そしていよいよ、マルチメディア室のほぼ中央のMMC11のG4Macに 拠点を決めました。 これ はMMC11の電源コンセントの付近でまだ何も電源を入れていない状態、 これ はMMC11の電源をONにした状態のグラフです。

これ は、マルチメディア室の39台すべてのG4Macの電源を入れた状態です。 期待(^_^;)に反して、ほとんど違いがなかったのですが、これは元々、 G4Macの電源からコンセント側に出るノイズが非常に小さいので、 距離によって減衰するノイズは全体としてもほとんど影響がない、という ことなのかもしれません。また、後述するGWS室では全てのディスプレイが ブラウン管なので内部に高圧電源回路を使用していますが、ここは 全てLCDモニタなので、それも関係しているかもしれません。

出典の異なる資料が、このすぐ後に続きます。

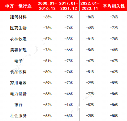 与美债利率负相关较高的行业主要是建筑材料、医药生物、农林牧渔、美容护理、电子、食品饮料等。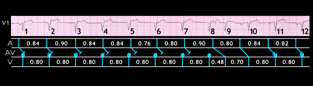 The ECG shown here is another example of this rhythm. The QRS complexes numbered 1-8 are the result of an accelerated junctional rhythm with a rate of 75 BPM (R - R interval = 0.8 seconds). The atrial rate is slightly slower, and the first 7 P waves do not conduct because the AV node is refractory, The 8th P wave occurs just after the 8th QRS complex. The AV junction has now partially recovered its ability to conduct and this P wave conducts to the ventricle with a prolonged PR interval (0.32 seconds) causing QRS complex #9. As a result the RR interval between QRS complexes #8 and 9 is only 0.48 seconds. The next P wave is also able to conduct to the ventricles, this time with a PR interval of 0.24 seconds, causing QRS complex #10. The last 2 QRS complexes (#s 11 and 12) are again the result of the accelerated AV junctional rhythm.
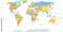 Fototapeta Światowa mapa państw pojedynczych z granicami państwowymi. Każdy obszar kraju z własnym kolorem. Ilustracja na białym tle pod projekcją Robinsona. Etykietowanie w języku angielskim.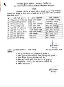 बिलासपुर – प्रशासनिक दृष्टि कोण से अस्थाई तौर पर बिलासपुर पुलिस अधीक्षक ने किया निरीक्षक, उप निरीक्षकों का स्थानांतरण देखिए सूची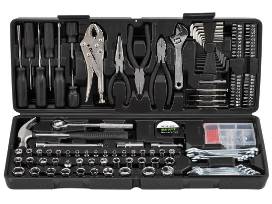 To complement it, the package includes a 130-piece tool set, stocked with a wide range of essentials for home projects, repairs, and DIY tasks. With sockets, wrenches, screwdrivers, and more, it's a versatile kit suited for beginners and seasoned fix-it pros alike.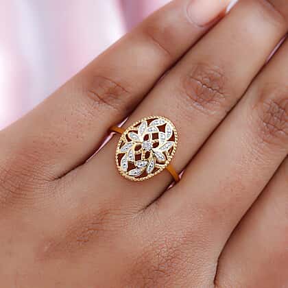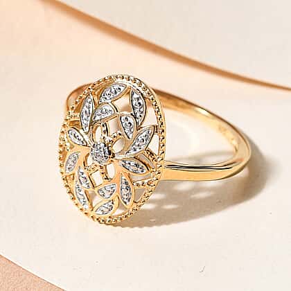 Diamond Ring in 18K Vermeil Yellow Gold Plated Sterling Silver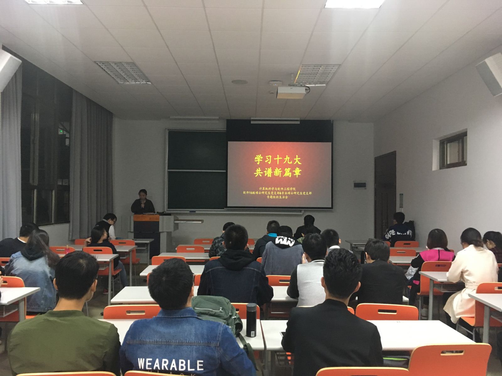 软件2017级专业学位硕士研究生党支部带领支部成员共同收看党代会中新增的“党员代表通道”环节,了解不同专业、领域的党员同志的看法和观点。之后,对于习总书记在会议中提出的新词汇,采用分组讨论的形式,组织党员同学们发表自己的看法和感想,加强同学们对于十九大报告的理解,活动中,同学们热情高涨,踊跃发言,气氛十分热烈。讨论结束之后,各小组还派出代表总结学习,同学们表示,此次学习帮助大家提高了思想素质,更加清楚地了解了党组织的各项方针政策。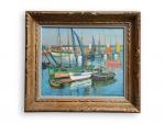 Pierre Philippe BERTRAND (1884-1975) L'Ile d'Yeu, barques à Port Joinville Huile sur toile signée en bas à droite 46 x 55 cm

マルチメディア室では、他の全ての機器の電源を再び落とした上で、3種類の プリンタ/プロッタ についても、ディジタル機器として単独で電源を入れた状態 のデータを計測しました。

まず、 この EPSONのレーザープリンタです。この部屋のバックグラウンドとして、 ある程度のノイズは電源OFFでも乗っていますが、 これ はこのプリンタの電源だけを入れた状態での、そのコンセントでの電源です。 モーターやヒーターなどの電力回路のインバータ電源に特有の 高調波ノイズがある程度(もちろん規制をクリアしたレベルで)出ています。

次に、 この RICOHのレーザープリンタです。 これ は電源を入れた直後数秒の状態、そして これ は1分ほど経過してスタンバイ(アイドリング)状態になったところです。 面白いことに、スタート直後の大電流を必要とする時の電流波形に比べて、 定常状態になるとスイッチング電源のモードを切り替えているらしいことが 判ります。これにより、省エネの規制をクリアしているようです。

最後に大物として、 この EPSONの「B0サイズ・プロッタ」です。大きさは この ようになります(サイズの比較に内田さん登場(^_^))。このプロッタは部屋の壁側 の専用コンセント(全て床下配線工事)の電源で、この装置だけ専用です。 これ は電源を入れていない状態で、電流波形が暴れているようですが、これは 非常に小さなレベルの外来ノイズです。そして電源を入れると この ようになりました。電流波形は、2つのプリンタに比べて電力が必要なためか、 面積としてはより大きな形状にうまく滑らかに整形されていて、特定の 周波数成分の電圧ノイズは見当たりませんでした。

GWS室

次に、多数のWindowsベースのGWS(Graphic WorkStation)が並ぶGWS室に 行きました。ここは このように、コンパックの高性能NTマシンが39台、並んでいます。 マルチメディア室と違って、多数の17インチブラウン管ディスプレイが 並ぶ部屋なので、この影響がどうなるか興味がありました。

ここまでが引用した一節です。